▶ Given entries
**********

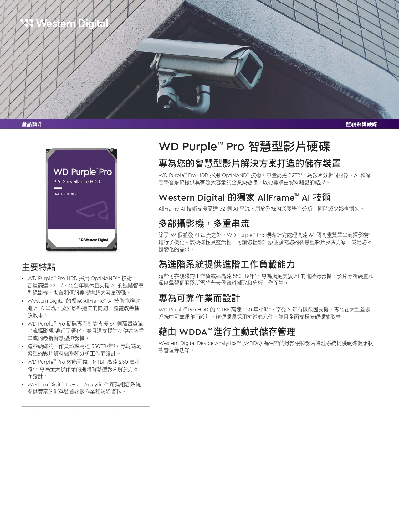 ●WD AllFrame™ AI 技術支援高達 32 個 AI 串流,用於系統內深度學習分析,同時減少影格遺失
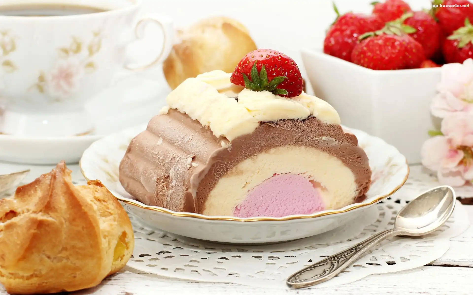 Deser, Lody, Truskawka, Talerz, Łyżeczka na Komórkę
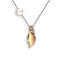Pırlanta ve inci 925 ayar rose altın kaplama gümüş kolye (0.077 karat, 40 cm gümüş rolo zincir)
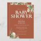 Um elegante convite de chá de fraldas com tipografia elegante e folhagem botânica bonito em fundo de terracota. Projetado por Thisnotme©
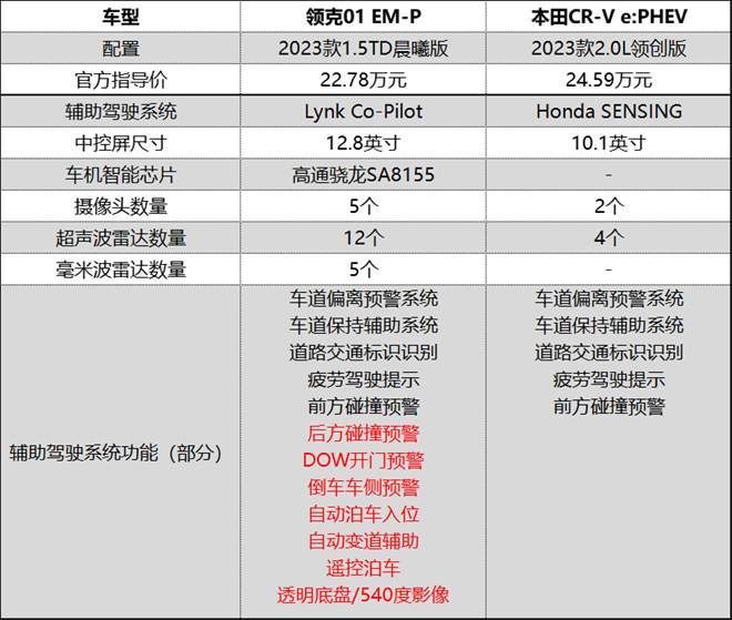 配置方面,兩車均搭載L2級智能駕駛輔助系統(tǒng)。不過,較領(lǐng)克01 EM-P集成27項功能的Lynk Co-Pilot智能駕駛輔助系統(tǒng),本田CR-V e:PHEV的Honda SENSING輔助駕駛系統(tǒng)顯然有點“偷功減料”。除此之外,領(lǐng)克01 EM-P還搭載了高清智控三聯(lián)屏,加之高通驍龍8155芯片。實用性和可玩性兼顧,駕控更智能、便捷。
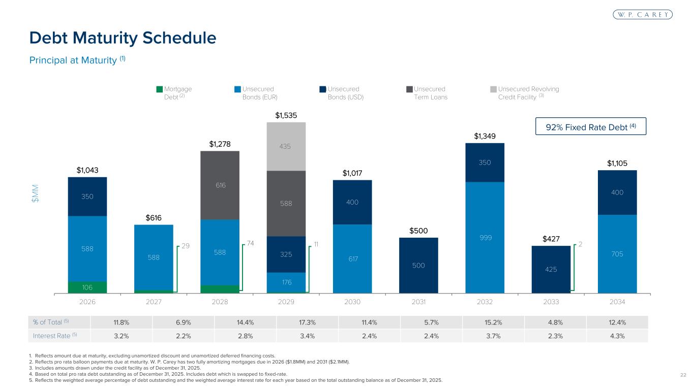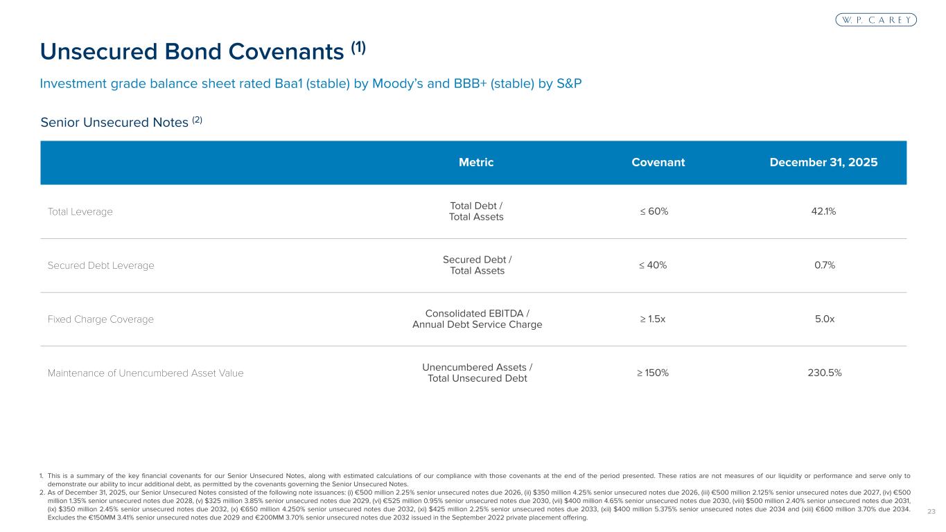 22 % of Total (5) 11.8% 6.9% 14.4% 17.3% 11.4% 5.7% 15.2% 4.8% 12.4% Interest Rate (5) 3.2% 2.2% 2.8% 3.4% 2.4% 2.4% 3.7% 2.3% 4.3% $M M 1. Reflects amount due at maturity, excluding unamortized discount and unamortized deferred financing costs. 2. Reflects pro rata balloon payments due at maturity. W. P. Carey has two fully amortizing mortgages due in 2026 ($1.8MM) and 2031 ($2.1MM). 3. Includes amounts drawn under the credit facility as of December 31, 2025. 4. Based on total pro rata debt outstanding as of December 31, 2025. Includes debt which is swapped to fixed-rate. 5. Reflects the weighted average percentage of debt outstanding and the weighted average interest rate for each year based on the total outstanding balance as of December 31, 2025. 106 29 74 11 2 588 588 588 176 617 999 705 350 325 400 500 350 425 400 616 588 435 $1,043 $616 $1,278 $1,535 $1,017 $500 $1,349 $427 $1,105 2026 2027 2028 2029 2030 2031 2032 2033 2034 Mortgage Debt Unsecured Bonds (EUR) Unsecured Bonds (USD) Unsecured Term Loans Unsecured Revolving Credit Facility(2) (3) Debt Maturity Schedule Principal at Maturity (1) 92% Fixed Rate Debt (4)

**********

▶ Brief
Using the records above, return verbatim only the part that opens with the line containing "Deser, Lody, Truskawka, Talerz, Łyżeczka" and closes with the line containing "EM-P集成27項功能的Lynk Co-Pilot智能駕駛輔助系統(tǒng),本田CR-V e:PHEV的Honda"; pictures stay out.

▶ Problem solution
 Deser, Lody, Truskawka, Talerz, Łyżeczka na Komórkę
Pırlanta ve inci 925 ayar rose altın kaplama gümüş kolye (0.077 karat, 40 cm gümüş rolo zincir)
 Um elegante convite de chá de fraldas com tipografia elegante e folhagem botânica bonito em fundo de terracota. Projetado por Thisnotme©
 配置方面,兩車均搭載L2級智能駕駛輔助系統(tǒng)。不過,較領(lǐng)克01 EM-P集成27項功能的Lynk Co-Pilot智能駕駛輔助系統(tǒng),本田CR-V e:PHEV的Honda SENSING輔助駕駛系統(tǒng)顯然有點“偷功減料”。除此之外,領(lǐng)克01 EM-P還搭載了高清智控三聯(lián)屏,加之高通驍龍8155芯片。實用性和可玩性兼顧,駕控更智能、便捷。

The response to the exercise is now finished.